Average rents on a typical buy-to-let property have risen by 6.5% over the past quarter, from £9,942 in January to £10,591 in April, according to the May edition of Paragon’s Buy-to-Let Index. This compares with an increase in CPI inflation over that period of less than 1%, even taking account of last month’s sharp rise in inflation, prompting Mervyn King’s first ever open letter to the Chancellor.

Nigel Terrington, Paragon’s chief executive, says: “With demand for rented accommodation as strong as ever, landlords are able to increase rents on existing tenancies when they are renewed and apply a higher rent to new tenants than they would have charged previously.
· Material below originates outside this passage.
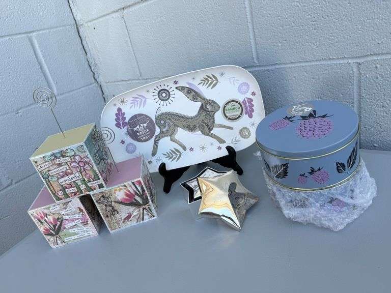 DescriptionBehold, a collection so eclectic, it practically curates itself! We've got a trio of delightful floral-themed note holders, ready to bring a touch of whimsy to your desk or countertop. Next, a Magpie decorative tray. Finally, round Flora tins, because who doesn't need a stylish place to stash their secrets (or cookies, we won't judge). See photos for condition and details.

Despite house price rises, rental growth is supporting yields at above 6%, a level that has been stable for the last year.

Independent research, conducted on behalf of Paragon, confirms both investors’ confidence in the private rented sector and their intention to continue to grow their portfolios. Over 30% of respondents indicated that they were reacting to rising interest rates by increasing rents, and 12% said they were investing in more buy-to-let property. Many landlords are comfortable with their portfolios as they stand, with 43% taking no action specifically on the back of the interest rate rises.

“Rising borrowing costs are not perceived by investors as a negative factor. The majority of our landlords are not exposed to short term interest rate fluctuations, as more than 70% of our recent buy-to-let borrowers chose fixed rate products. Our experience shows that landlords finance their property holdings through a combination of equity and debt, typically in the ratio 35% cash, 65% borrowing, which mitigates the impact of rising interest rates.”